Happy Valentine’s Day from Punk Rock OR! I decided to do a little sleuthing about operations research and love. I was pleasantly surprised to find several mathematical models for finding love (optimally or not).
I blogged about optimally allocating marriages yesterday, but it’s still worth reading another blog post on it. Anna Nagurney blogged about a paper in EJOR about a linear assignment model that optimally matches couples in Switzerland. The authors identified weights for the pairings using output from logistic regression models that predict marital success using socioeconomic factors.
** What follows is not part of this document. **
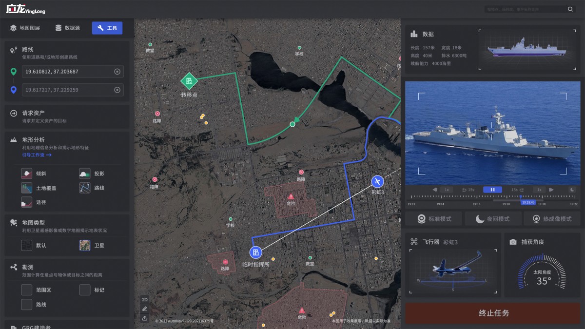 The system connects people, devices, environments, events and other factors scattered in the geographical space in real time to form a battlefield situation map. Then, it gives smooth routes for the dispatch of mission resources based on the needs and the situation. It can also intelligently simulate confrontations to inform commanders’ decisions in the battlefield, including effective path selection, force formation and task allocation, thus guiding military operations in complex battlefield environments.
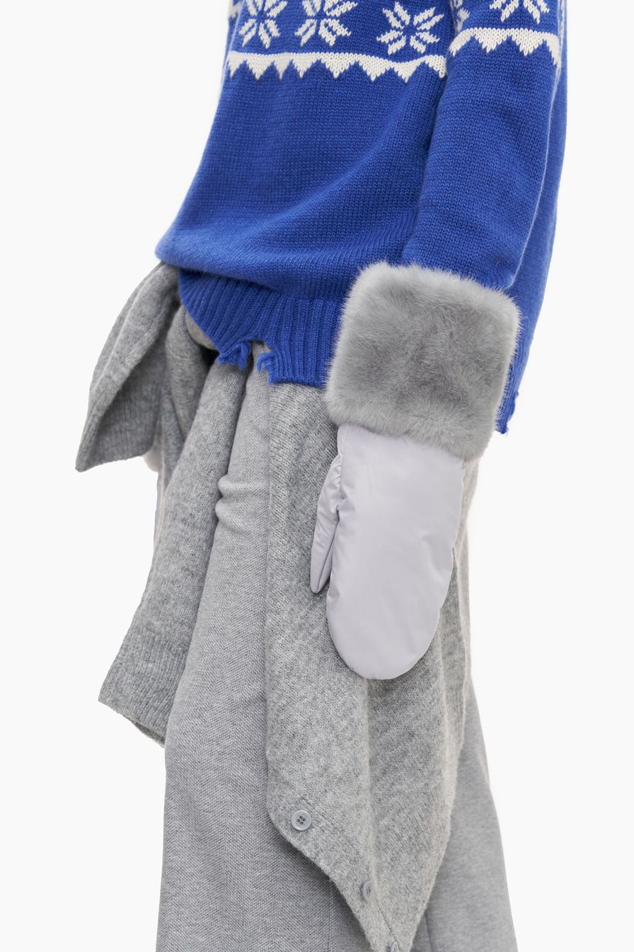 Варежки со съемными манжетами из пушистого экомеха – модель нейтрального серого оттенка.

Tallys Yunes developed an transportation model for Excel Solver that determines how someone can optimally send flowers to a nine love interests. It’s cute, but I would not recommend actually using operations research to juggle so many love interests!
Mike Trick beautifully blogged about using–and not using–the Secretary Problem to optimally find love.
Thaddeus Sim blogged about consolidating flower deliveries to optimally deliver flowers on Valentine’s Day.
The following TED video explains OKCupid’s matching algorithm for predicting who should go on a date.
The prologue for This American Life episode #486 “Valentine’s Day 2013” features several physicists discussing how they computed the mathematical probability that they would find girlfriends using the Drake equation. If you’re not familiar with This American Life, it is non-fiction.
Speaking of the Drake equation, Brain Pickings has a link to a PBS video (below) about computing the probability of ideal love matches for you using the Drake equation. It’s apparently 871 (give or take).